Choe Nam-Son
Choe Nam-Son
(pen name, Yuktan). Born 1890 in Seoul; died there October 1957. Korean literary figure and historian. One of the founders of modern Korean literature.
From 1904 to 1906, Choe Nam-son studied at Waseda University in Japan. He first published his works in 1906. In 1908 he began publishing Son yon, Korea’s first literary monthly of enlightened thought; in this journal he printed his own verses and narrative poems, which firmly established free verse in Korean poetry, and he wrote articles on politics, culture, and literature as well.
After drafting the Declaration of Independence, which was signed by the bourgeois nationalists on the eve of the March 1919 uprising in Korea, Choe Nam-son was arrested.
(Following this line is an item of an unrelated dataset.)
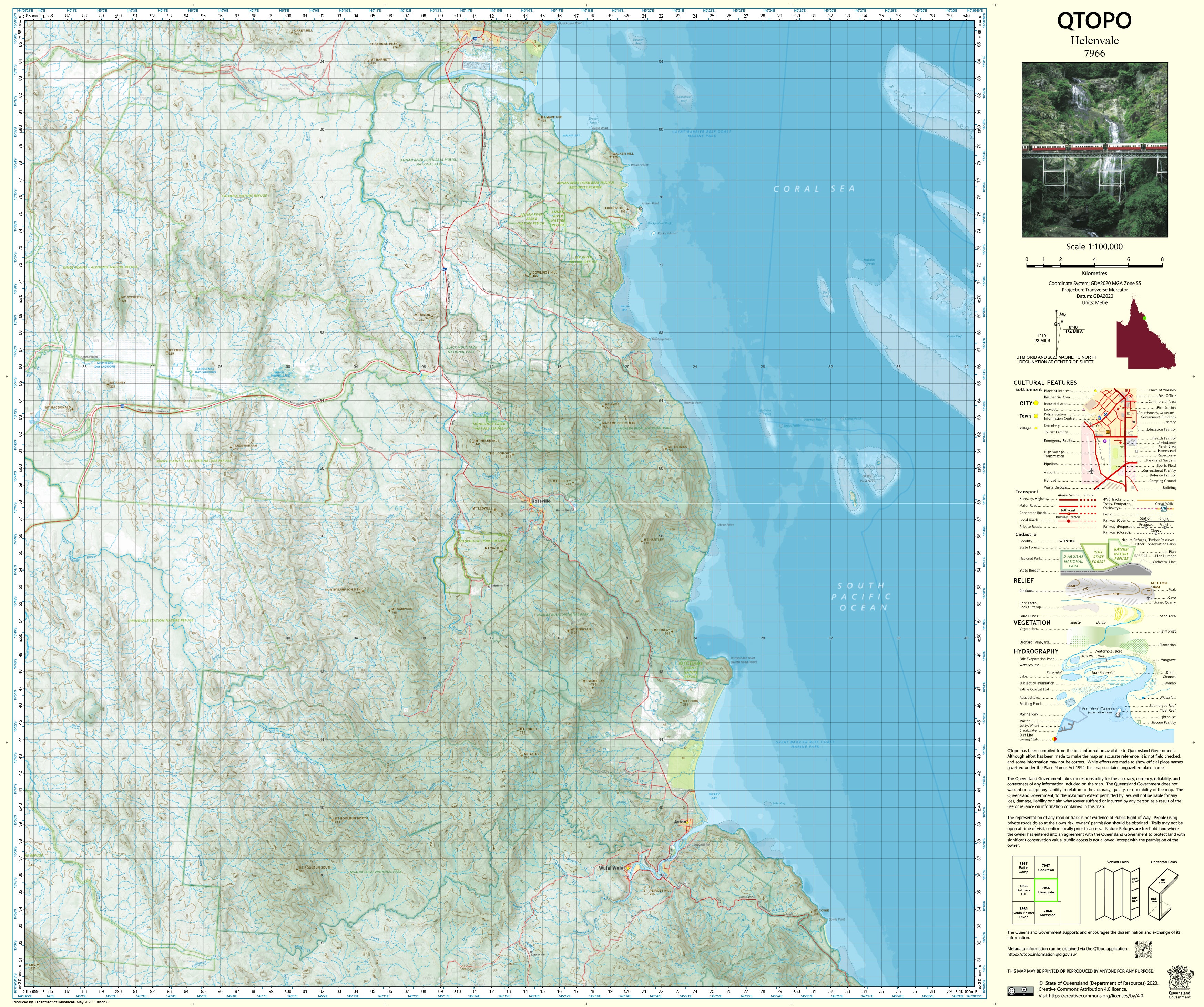 The QTopo 7966 (Helenvale) sheet provides essential regional clarity for environmental studies, land management, emergency response, tourism operations, and remote-area navigation. Produced by the Queensland Department of Resources, it offers accurate terrain modelling, hydrology detail, vegetation distribution, infrastructure networks, and land-tenure boundaries across a region shaped by tropical rainfall, steep topography, and long unsealed routes.

In 1925 he switched allegiance and worked for the Japanese colonial powers. After the liberation of the country in 1945 he lived in South Korea, having lost his public influence. He opposed the Korean Federation of Proletarian Art.
Choe Nam-son, a prominent bourgeois historian, wrote works on Korean history and published many old Korean historical documents and literary works.
WORKS
Kosatong. Kyongsong, 1943.Choson sangsik mundap, vols. 1–2. Seoul, 1946–47.
In the series Hanguk munhak chongjip, vol. 34. Seoul, 1959.